Voltei ao Rio e ainda tive compaixão de emprestar uma grana pra garota macabra. (esse apelido desde então passou a ser rotineiro, a ponto de não me lembrar do seu verdadeiro nome) Dei um ponto final na historia. Fui até a casa da guria e disse tudo o que aconteceu. Ela ficou cabisbaixa e jamais vai sair da minha mente a imagem da garota macabra sentada ao lado na cama, triste, aquela brancura toda contrastando com a escuridão do cabelo, que eu já associava ao seu jeito de ser. Senti uma pontada, uma agulha fria. “Me ajuda!”, era o que dizia. Virei imediatamente pra ela. Estava sentada ao meu lado naquela cama que tantas vezes fomos alegres, escondemos o sol com a peneira. Mas desta vez estava muito cabisbaixa, seus cabelos cobriam a sua face, e suas mãos estavam cerradas ao seu lado, como se tivesse se segurando. Era como se naquele silencio mórbido, ela tivesse pedindo por isso. Ela sentia a minha falta. Será? Eu trouxe uma fresta de luz naquela vida atormentada. Mas que já me atormentava. Era hora de fechar mais uma página.

Voltei a São Paulo mais algumas vezes. Acho que foram umas sete vezes ao todo. Depois o romance também desandou. Patrícia estava mais comodista. Relutava para vir ao Rio. Aos poucos, fui me afastando da idéia de manter algo mais sério. A distância já estava atrapalhando. E foi melhor assim, pois a trama já estava ficando cada vez mais envolvente. Não queria mais torrar a paciência. Desta, eu me afastei gradualmente. Era bem mais fácil. E fechei mais outra página.
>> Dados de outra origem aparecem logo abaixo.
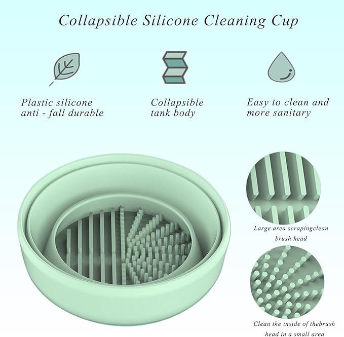 - Portable Foldable Design for Use Anywhere: The makeup brush cleaning container features a foldable silicone cleaning cup, which is soft, lightweight, and easy to store, making it convenient for travel. You can keep your brushes clean anytime, anywhere, saving luggage space
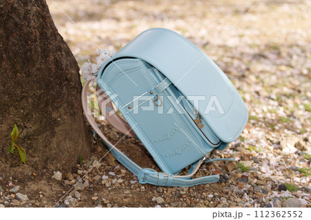 桜の木の下の水色のランドセル。春、入学イメージ
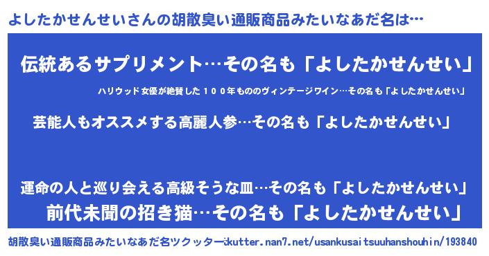 | ポケモン風あだ名 | 『ヨシセウス』『ヒヨシタカセンセイ』 |
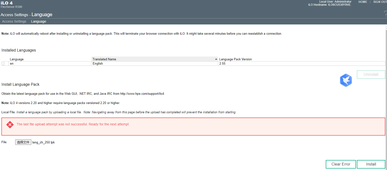 有2台 服务器都是 装的vmware ESxi系统 iLO 4 都已经将固件版本升级到 2.55 语言包用的 lang_zh_250.lpk 一台正常安装了语言包 另外一台报错 :
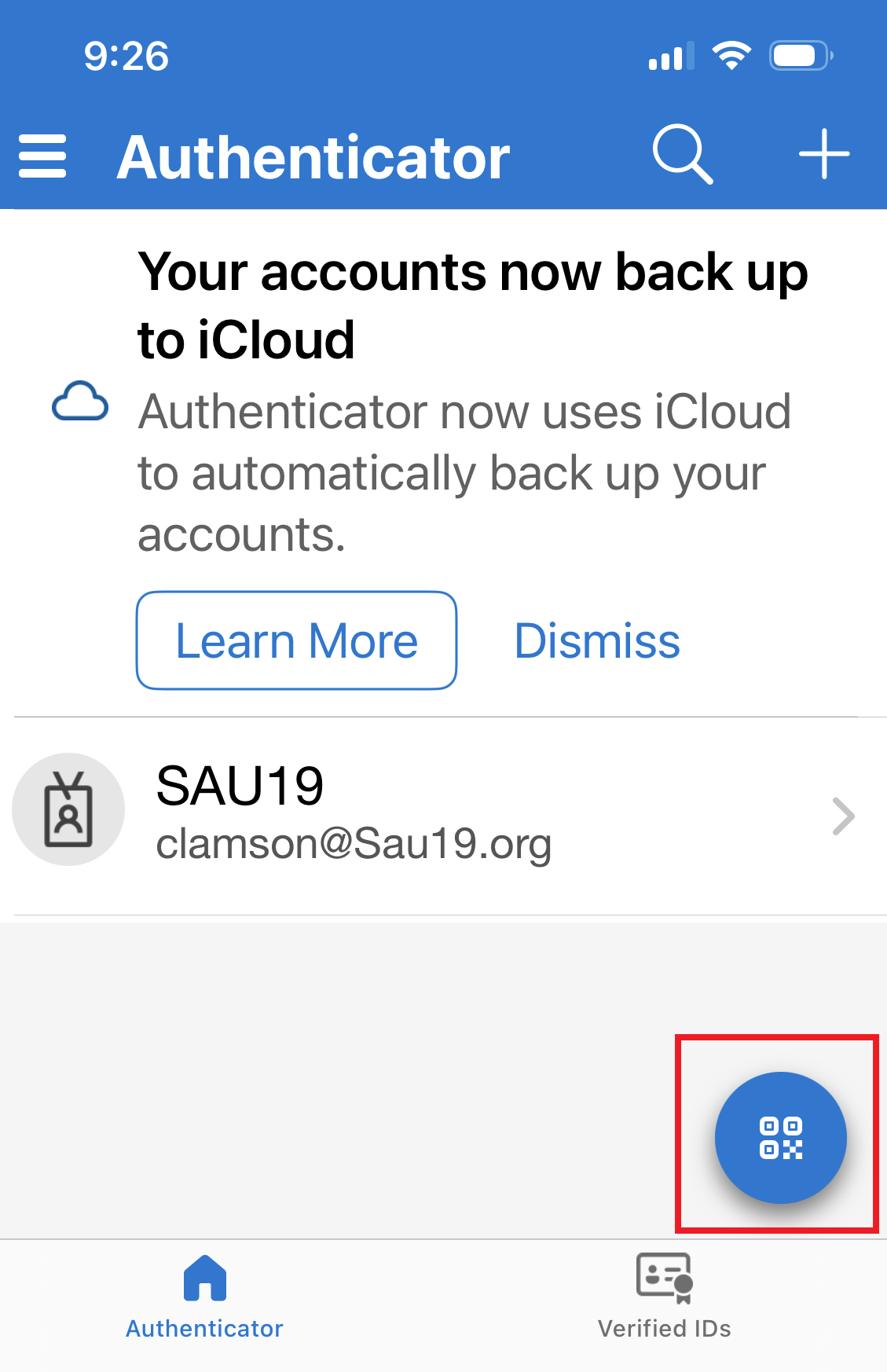 2. Open the Microsoft Authenticator app and click the QR Code icon in the bottom right-hand corner.

Meses depois me encontrei com a garota macabra duas vezes, mas em épocas bem distintas. Da primeira, me esbarrei com ela numa boate em Botafogo. Cobrei a grana que ela me devia. Ela me enrolou, mas já tava de saco cheio. Estava mais sombria e chapada do que nunca. Carregada. Negativa. Dava arrepios.
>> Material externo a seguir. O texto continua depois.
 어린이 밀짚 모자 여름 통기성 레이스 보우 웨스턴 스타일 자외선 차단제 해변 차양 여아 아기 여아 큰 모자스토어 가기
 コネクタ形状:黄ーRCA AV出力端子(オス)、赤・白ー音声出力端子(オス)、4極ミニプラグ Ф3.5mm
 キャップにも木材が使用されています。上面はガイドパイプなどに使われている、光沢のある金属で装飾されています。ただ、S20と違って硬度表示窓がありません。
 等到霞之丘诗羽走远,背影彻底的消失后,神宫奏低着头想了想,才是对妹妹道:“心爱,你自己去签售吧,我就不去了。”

Muito tempo depois, voltei ao apartamento dela no Leme. Parecia o fim do mundo. Havia mais de vinte bichos espalhados por aquele apartamento que era bem pequeno. Cheiro insuportável, uma sujeira só. A irmã abandonou o barco e voltou para Fortaleza. “La Macabra” continuava bonita, porém decadente, algo que ela sempre foi mesmo. Conversamos amenidades frívolas. Passar o tempo mesmo. Estava mais do que estampado a vontade dela em reviver os velhos tempos, as velhas transas. Mas quem vive de passado é museu.
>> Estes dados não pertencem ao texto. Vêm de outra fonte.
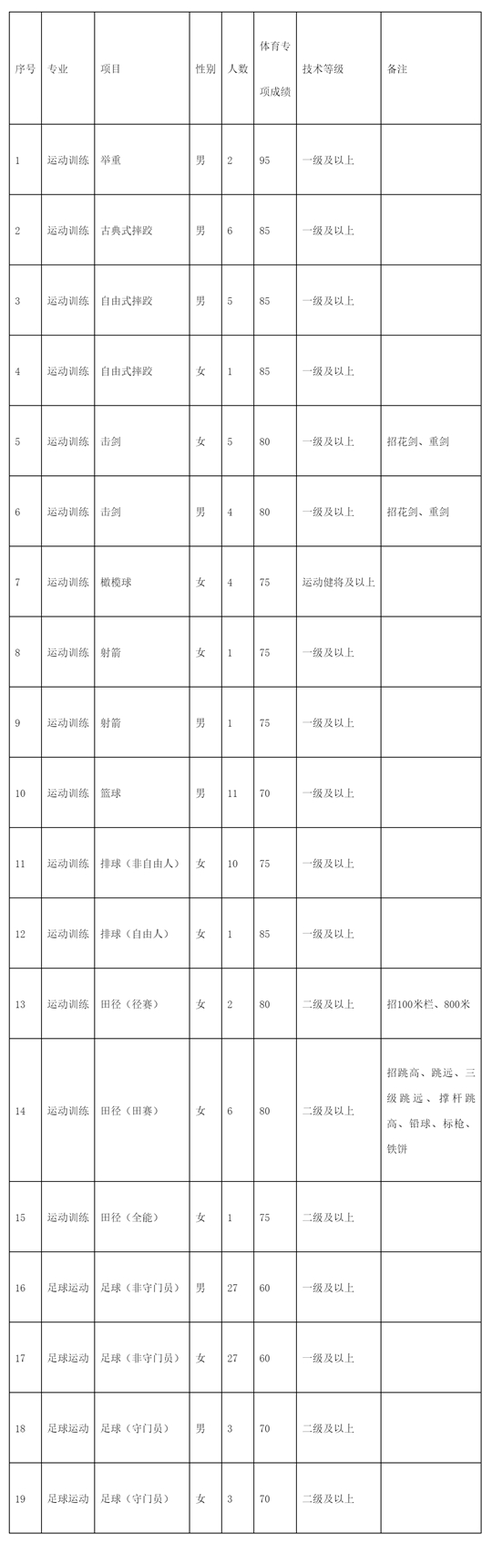 2.運(yùn)動訓(xùn)練專業(yè)招生計(jì)劃為60人,足球運(yùn)動專業(yè)招生計(jì)劃為60人,最終錄取人數(shù)視生源情況及上級主管部門批復(fù)決定。
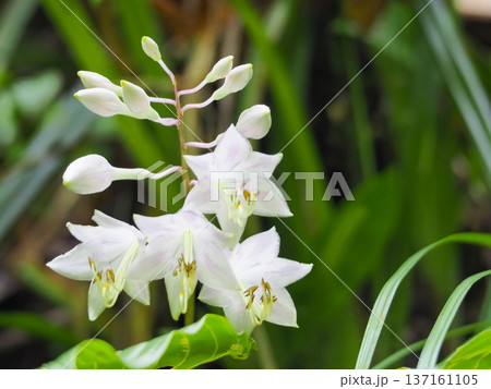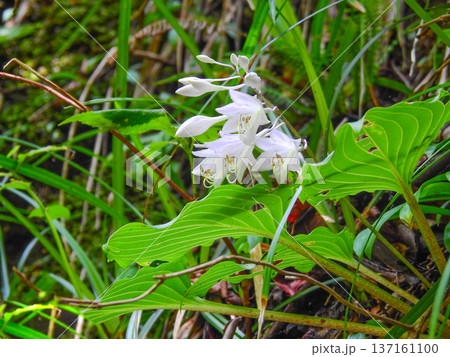 キジカクシ科の多年草白い花が咲いたギボウシ
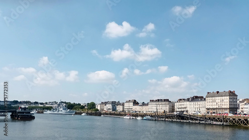 Picturesque riverside city with historic buildings against blue sky with fluffy clouds

Falei que precisava descer, comprar cigarros (Mentira). Já me sentia angustiado demais naquele apartamento. Não agüentava mais aquela cena tão terrível. Desci e peguei o primeiro ônibus pra casa. Enquanto pensava nos novos rumos que eu almejava pra minha vida, pensei na angustia e na aflição de Marina. E mais uma vez me veio àquela sensação estranha, aquela telepatia mórbida, mas que nunca falhava: desta vez, ela estava ao mesmo tempo puta da vida e extremamente decepcionada, porque dispensara vários programas só para me receber. O último fio de esperança. Esperava alguma satisfação depois de meses na nova vida de garota de programa. No ano seguinte, soube que Marina veio a falecer vitima de overdose.